Exercise objective
Transcribe exactly, and only, the lines that fall between the line containing "Da die Dichtheit" and the last line of the material, both ends included, omitting any pictures.

Provided data

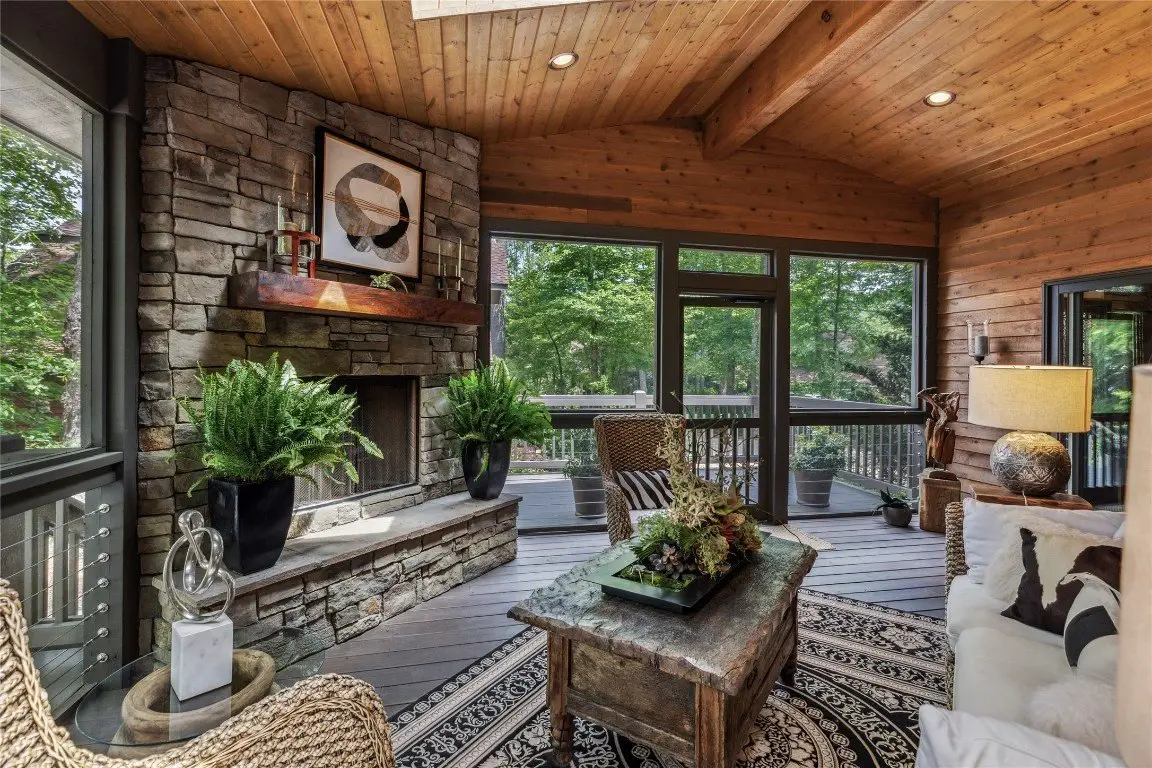 Screened Carolina room with wood-burning fireplace
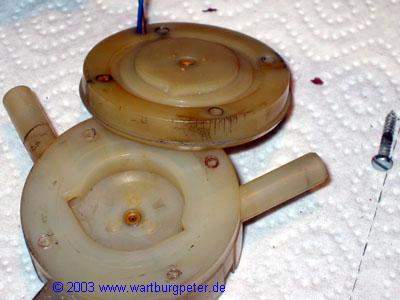Da die Dichtheit des Gehäuses nicht mehr gegeben war, also alles zerlegen, reinigen. Das Gehäuse ist aus Plastik und hat sich leicht verformt. Insbesondere an den Stellen der Schrauben ist das Material sogar eingerissen. Anschließend alles wieder zusammenbauen und zusätzlich mit Dichtpaste abdichten. |
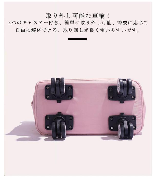 | オールシーズンで使えるなボストンバッグです。 拡張機能!サイズを3段階に拡張でき、荷物が増えても収納に困りません。短期の旅行や出張、ジム用のスポーツバッグにもおすすめ。 耐久性が高く、撥水効果のある生地を採用しているので急な雨でも安心。 メイン収納の他に、防水ポケット、小物を入れるポケットがあり、荷物を分けて収納できます。どこに何を収納しているか迷うことがありません。 キャリーケースに乗せた時にもしっかり固定することができ、移動している時もスーツケースからズレ落ちる心配がない。 取り外し可能な車輪!4つのキャスター付き、簡単に取り外し可能、需要に応じて自由に解体できる、取り回しが良く使いやすいです。 手持ち、肩掛け、キャリーオンバッグとして3wayで使えます。スポーツ、アウトドア、旅行などの用途から普段使いまで、あらゆる場面でご使用いただけます。 | |

Task response
Da die Dichtheit des Gehäuses nicht mehr gegeben war, also alles zerlegen, reinigen. Das Gehäuse ist aus Plastik und hat sich leicht verformt. Insbesondere an den Stellen der Schrauben ist das Material sogar eingerissen. Anschließend alles wieder zusammenbauen und zusätzlich mit Dichtpaste abdichten. |
 | オールシーズンで使えるなボストンバッグです。 拡張機能!サイズを3段階に拡張でき、荷物が増えても収納に困りません。短期の旅行や出張、ジム用のスポーツバッグにもおすすめ。 耐久性が高く、撥水効果のある生地を採用しているので急な雨でも安心。 メイン収納の他に、防水ポケット、小物を入れるポケットがあり、荷物を分けて収納できます。どこに何を収納しているか迷うことがありません。 キャリーケースに乗せた時にもしっかり固定することができ、移動している時もスーツケースからズレ落ちる心配がない。 取り外し可能な車輪!4つのキャスター付き、簡単に取り外し可能、需要に応じて自由に解体できる、取り回しが良く使いやすいです。 手持ち、肩掛け、キャリーオンバッグとして3wayで使えます。スポーツ、アウトドア、旅行などの用途から普段使いまで、あらゆる場面でご使用いただけます。 | |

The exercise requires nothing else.